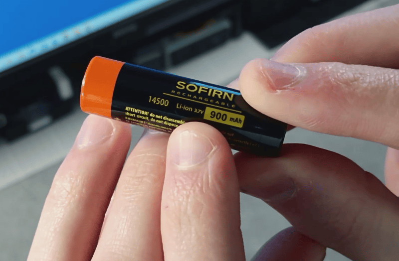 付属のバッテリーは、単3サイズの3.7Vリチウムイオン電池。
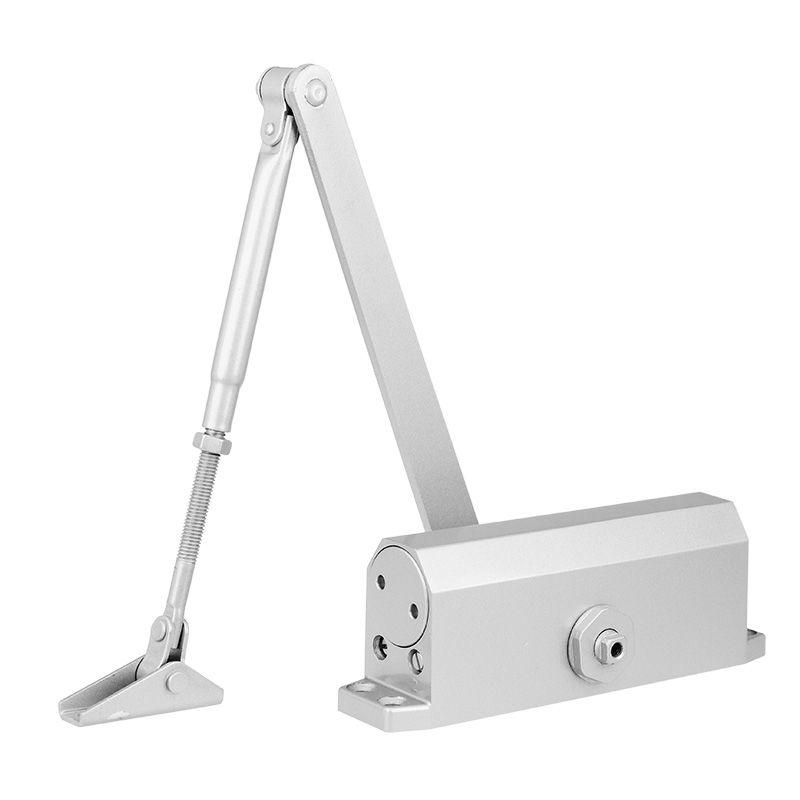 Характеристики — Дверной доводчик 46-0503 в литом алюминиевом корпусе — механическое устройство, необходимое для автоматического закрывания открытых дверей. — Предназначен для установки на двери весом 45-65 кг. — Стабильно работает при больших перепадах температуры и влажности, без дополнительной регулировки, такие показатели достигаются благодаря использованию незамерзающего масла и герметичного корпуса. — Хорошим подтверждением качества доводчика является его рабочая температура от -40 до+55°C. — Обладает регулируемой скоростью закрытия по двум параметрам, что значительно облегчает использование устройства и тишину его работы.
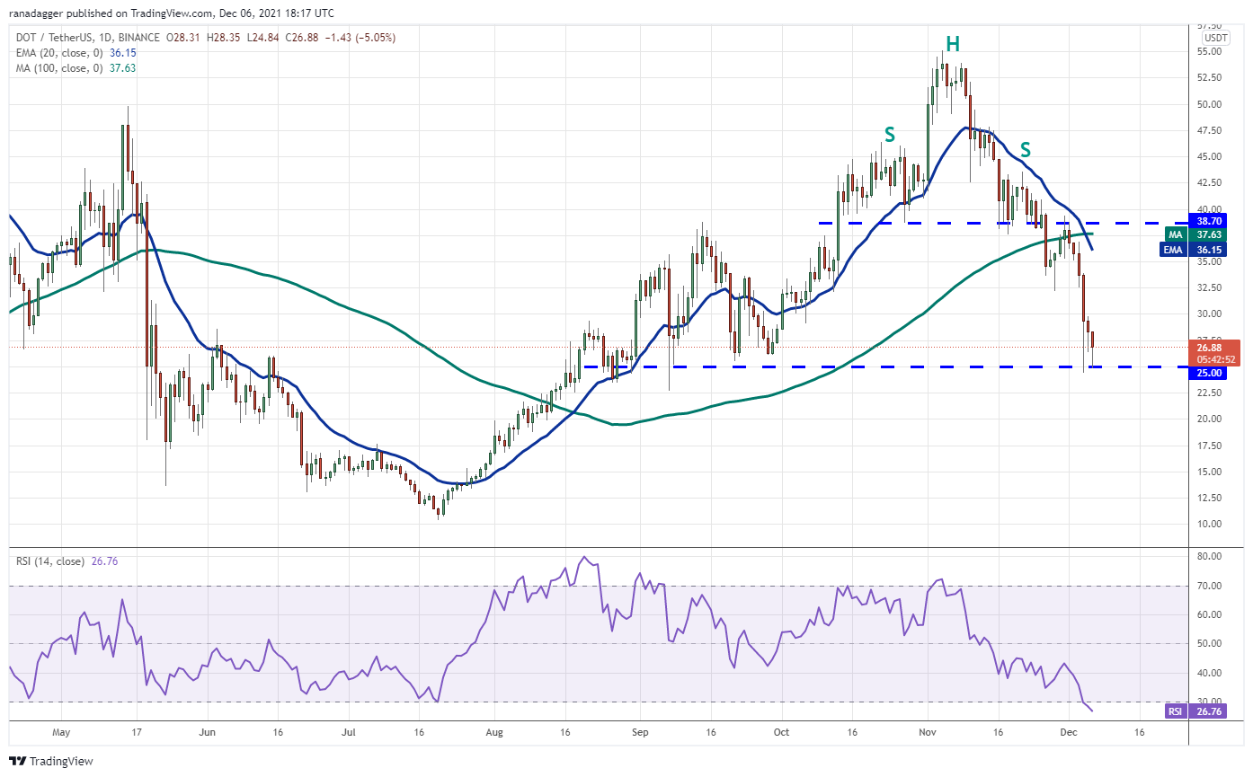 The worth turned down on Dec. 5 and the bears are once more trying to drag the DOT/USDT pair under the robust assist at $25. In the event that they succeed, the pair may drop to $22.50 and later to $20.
---
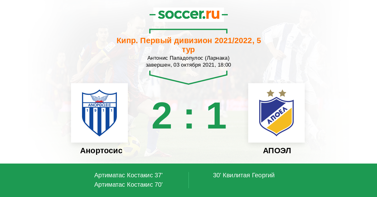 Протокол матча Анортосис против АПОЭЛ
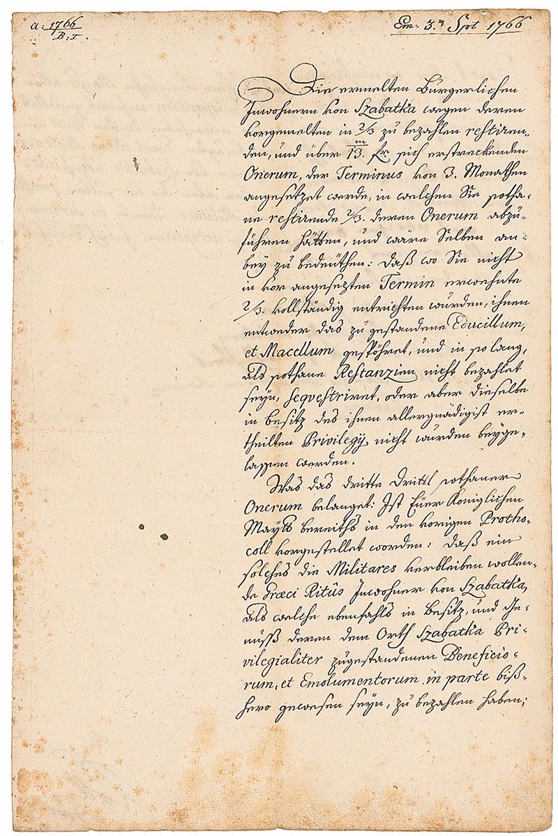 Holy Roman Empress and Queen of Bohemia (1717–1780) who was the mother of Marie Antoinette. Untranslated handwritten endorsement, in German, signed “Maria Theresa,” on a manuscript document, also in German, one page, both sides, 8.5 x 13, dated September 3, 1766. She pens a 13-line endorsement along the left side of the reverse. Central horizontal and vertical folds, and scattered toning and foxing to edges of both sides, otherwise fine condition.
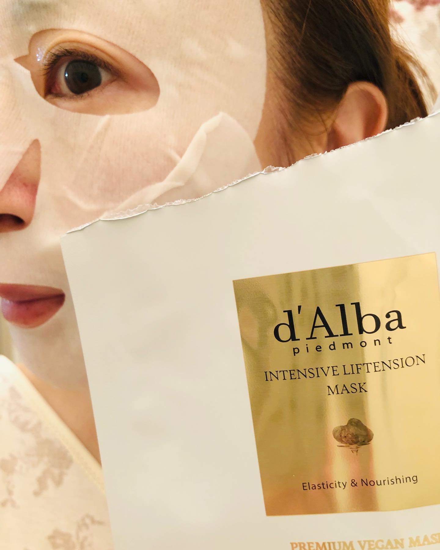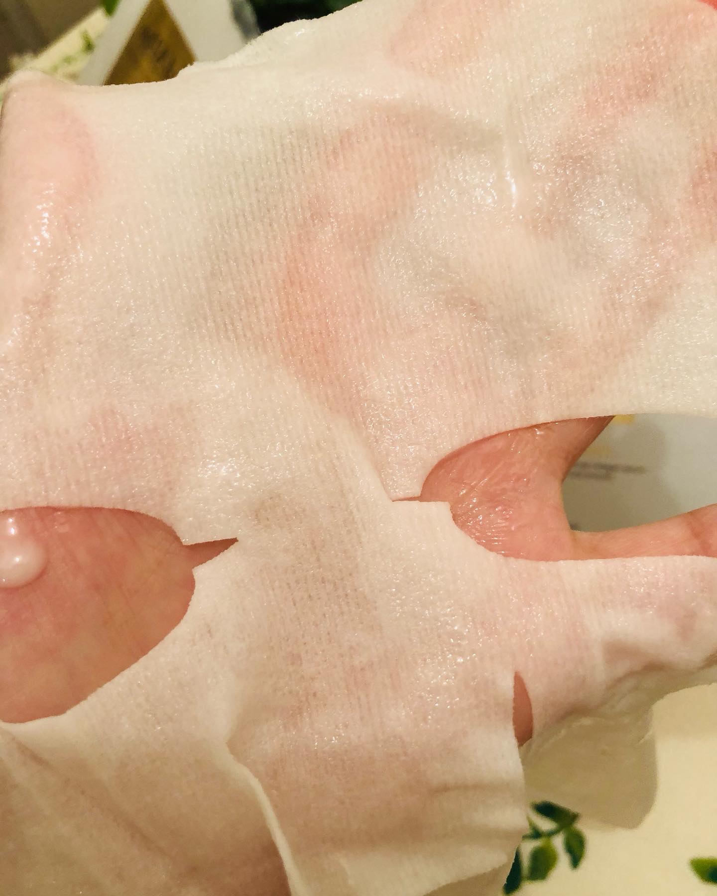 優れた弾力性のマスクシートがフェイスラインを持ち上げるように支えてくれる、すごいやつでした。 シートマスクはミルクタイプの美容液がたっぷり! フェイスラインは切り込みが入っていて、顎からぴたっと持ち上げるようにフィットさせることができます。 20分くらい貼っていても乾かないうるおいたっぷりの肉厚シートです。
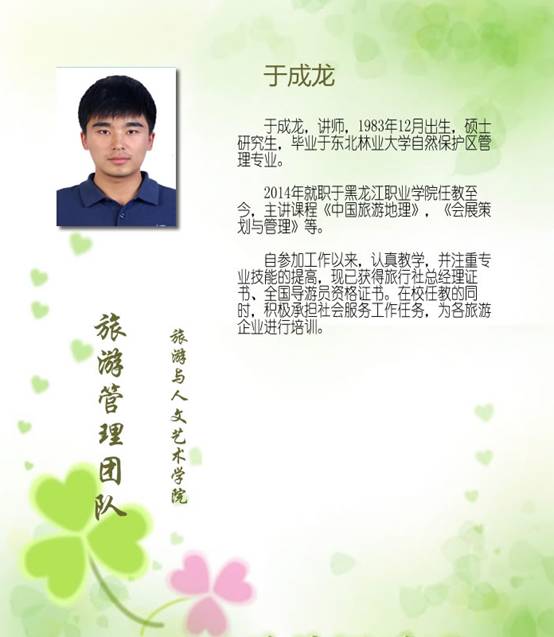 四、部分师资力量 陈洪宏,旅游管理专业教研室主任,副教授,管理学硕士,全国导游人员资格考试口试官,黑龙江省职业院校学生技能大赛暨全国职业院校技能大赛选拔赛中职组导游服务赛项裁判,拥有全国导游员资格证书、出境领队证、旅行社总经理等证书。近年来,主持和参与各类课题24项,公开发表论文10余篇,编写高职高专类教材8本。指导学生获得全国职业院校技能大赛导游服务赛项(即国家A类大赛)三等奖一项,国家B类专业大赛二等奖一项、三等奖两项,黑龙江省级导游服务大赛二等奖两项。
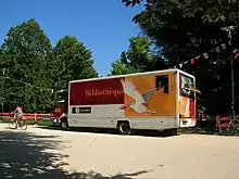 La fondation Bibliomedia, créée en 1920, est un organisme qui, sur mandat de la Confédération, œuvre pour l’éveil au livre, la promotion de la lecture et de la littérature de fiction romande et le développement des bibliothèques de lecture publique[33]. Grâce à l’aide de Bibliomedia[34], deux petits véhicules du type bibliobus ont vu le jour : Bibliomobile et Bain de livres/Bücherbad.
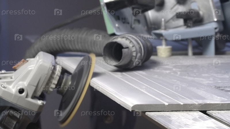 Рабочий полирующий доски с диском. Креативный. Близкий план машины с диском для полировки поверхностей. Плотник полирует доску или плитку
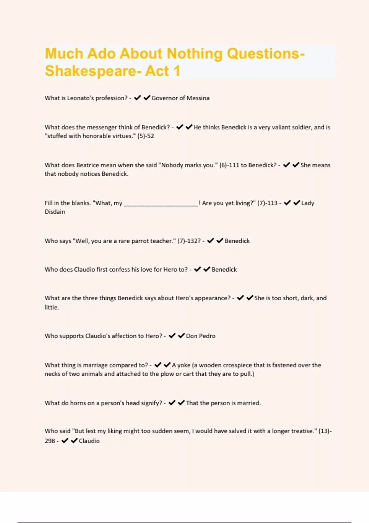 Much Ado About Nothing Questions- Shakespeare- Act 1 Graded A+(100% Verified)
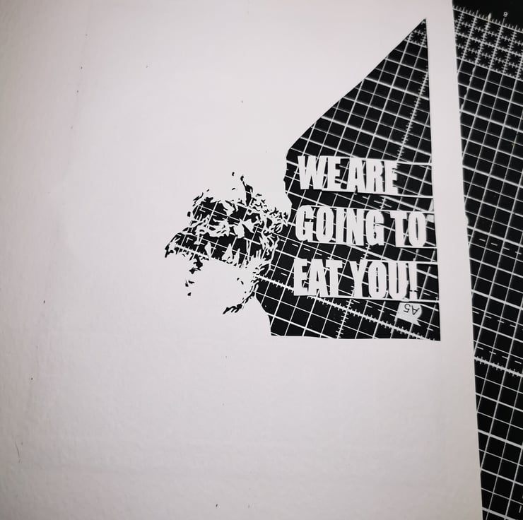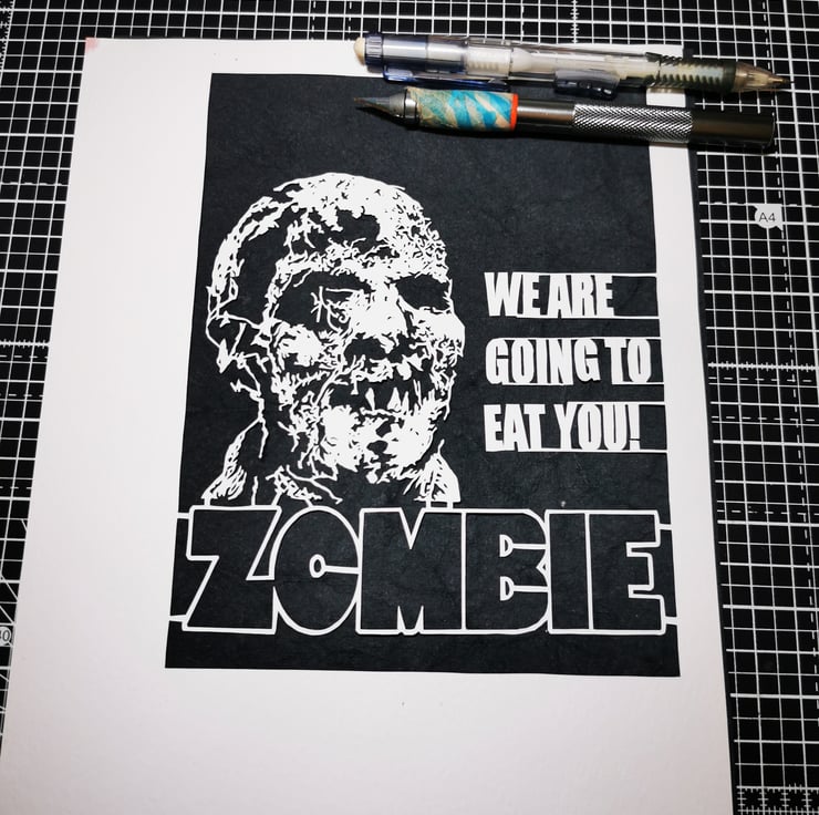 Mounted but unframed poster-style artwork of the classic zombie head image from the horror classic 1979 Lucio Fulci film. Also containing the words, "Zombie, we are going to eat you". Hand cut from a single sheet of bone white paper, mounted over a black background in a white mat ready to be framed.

# [Activity]
Starting with the line that has "Рабочий полирующий доски" and ending with the line that has "Mounted but unframed", repeat the lines above exactly, omitting every picture.

# [Result of the task]
 Рабочий полирующий доски с диском. Креативный. Близкий план машины с диском для полировки поверхностей. Плотник полирует доску или плитку
 Much Ado About Nothing Questions- Shakespeare- Act 1 Graded A+(100% Verified)
 Mounted but unframed poster-style artwork of the classic zombie head image from the horror classic 1979 Lucio Fulci film. Also containing the words, "Zombie, we are going to eat you". Hand cut from a single sheet of bone white paper, mounted over a black background in a white mat ready to be framed.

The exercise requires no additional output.